MATERIALS AND METHODS
Guinea pigs and antral tissue processing
Seven healthy male Wistar rats weighing 230-250 g from the Center of Experimental Animals in Sun Yat-sen University of Medical Sciences (Guangzhou, China) were used. All rats received no special treatment before sacrificed. The rats were fasted overnight with free access to water. Four days later, the rat’s abdomen, anesthetized with 3% of sodium pentobarbital intraperitoneally at a dosage of 30 mg/kg, was cut open and its stomach was split from the greater curvature. The antral tissue of about 0.5 mm×0.5 mm was separated using ophthalmic scissors. Then the specimens were immersed into a mixture of 0.1% glutaraldehyde and 3% paraformaldehyde in 0.1M PBS, pH7.4, for 2 hr at room temperature for fixation.
Specimen preparation for immunoelectron microscopy
Two hours after fixation, the antral tissue specimens were washed four times for 15 min in 0.1M PBS, pH7.4, and then postfixed for 1 hr in solution of 1% osmium tetroxide (1% potassium dichromate, pH 7.2, 1% osmium tetroxide, 0.85% NaC1) at room temperature. The specimens were washed three times for 10 min in 0.1M PBS, pH7.4, and dehydrated at room temperature in 50% acetone (15 min), 70% acetone (15 min), 90% acetone (15 min), and 100% acetone (three times for 15 min each).
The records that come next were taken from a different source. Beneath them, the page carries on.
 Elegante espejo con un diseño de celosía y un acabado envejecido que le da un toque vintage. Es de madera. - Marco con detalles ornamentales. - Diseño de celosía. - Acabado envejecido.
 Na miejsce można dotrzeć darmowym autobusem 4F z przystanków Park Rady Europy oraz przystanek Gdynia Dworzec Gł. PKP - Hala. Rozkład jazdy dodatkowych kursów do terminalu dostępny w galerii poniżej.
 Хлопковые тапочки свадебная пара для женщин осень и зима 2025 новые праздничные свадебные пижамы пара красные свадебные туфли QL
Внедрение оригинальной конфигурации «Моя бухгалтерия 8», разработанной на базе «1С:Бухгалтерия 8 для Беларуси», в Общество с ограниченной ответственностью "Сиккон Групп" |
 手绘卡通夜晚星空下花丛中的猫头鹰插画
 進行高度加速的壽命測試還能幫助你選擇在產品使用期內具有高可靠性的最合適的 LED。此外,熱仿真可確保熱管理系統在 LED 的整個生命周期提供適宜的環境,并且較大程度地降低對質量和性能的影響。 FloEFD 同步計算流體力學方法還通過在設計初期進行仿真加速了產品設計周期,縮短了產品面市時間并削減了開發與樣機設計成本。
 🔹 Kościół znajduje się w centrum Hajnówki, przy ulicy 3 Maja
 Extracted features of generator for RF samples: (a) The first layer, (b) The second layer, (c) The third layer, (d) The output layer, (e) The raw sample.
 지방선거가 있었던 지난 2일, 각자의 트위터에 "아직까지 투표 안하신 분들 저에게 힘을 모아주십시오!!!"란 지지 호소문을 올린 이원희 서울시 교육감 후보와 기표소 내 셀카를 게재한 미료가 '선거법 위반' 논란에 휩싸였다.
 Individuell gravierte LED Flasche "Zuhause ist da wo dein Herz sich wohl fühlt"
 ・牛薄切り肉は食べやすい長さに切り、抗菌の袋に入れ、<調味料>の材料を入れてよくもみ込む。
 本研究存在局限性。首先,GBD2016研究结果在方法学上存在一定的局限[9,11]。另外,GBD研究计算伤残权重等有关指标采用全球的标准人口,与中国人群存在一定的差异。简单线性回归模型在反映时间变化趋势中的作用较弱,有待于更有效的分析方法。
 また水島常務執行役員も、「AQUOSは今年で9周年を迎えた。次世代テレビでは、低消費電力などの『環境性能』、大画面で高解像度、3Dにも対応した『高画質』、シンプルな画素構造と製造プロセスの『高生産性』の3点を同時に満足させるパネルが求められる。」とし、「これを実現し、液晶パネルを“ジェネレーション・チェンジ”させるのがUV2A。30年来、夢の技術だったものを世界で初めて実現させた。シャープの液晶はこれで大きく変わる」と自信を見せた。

The specimens were then infused in an open desiccator containing 50% acetone: 50% Spurr resin (1 hr), 33% acetone: 67% Spurr resin (2 hr), and 100% Spurr resin overnight. When the resin was infused in the specimens, it was polymerized at 40 °C for 4 days. To orientate the samples, 1 μm thick sections were cut, put on an objective glass, and stained with 0.1% teluidin blue. Appropriate regions were chosen, and the pyramids were further trimmed, cut on a Leica Rechert ultramicrotome into 60-80 nm ultrathin sections, put onto 300 nickle mesh grids. All ultrathin sections were divided into G cells group, D cells group, and control group.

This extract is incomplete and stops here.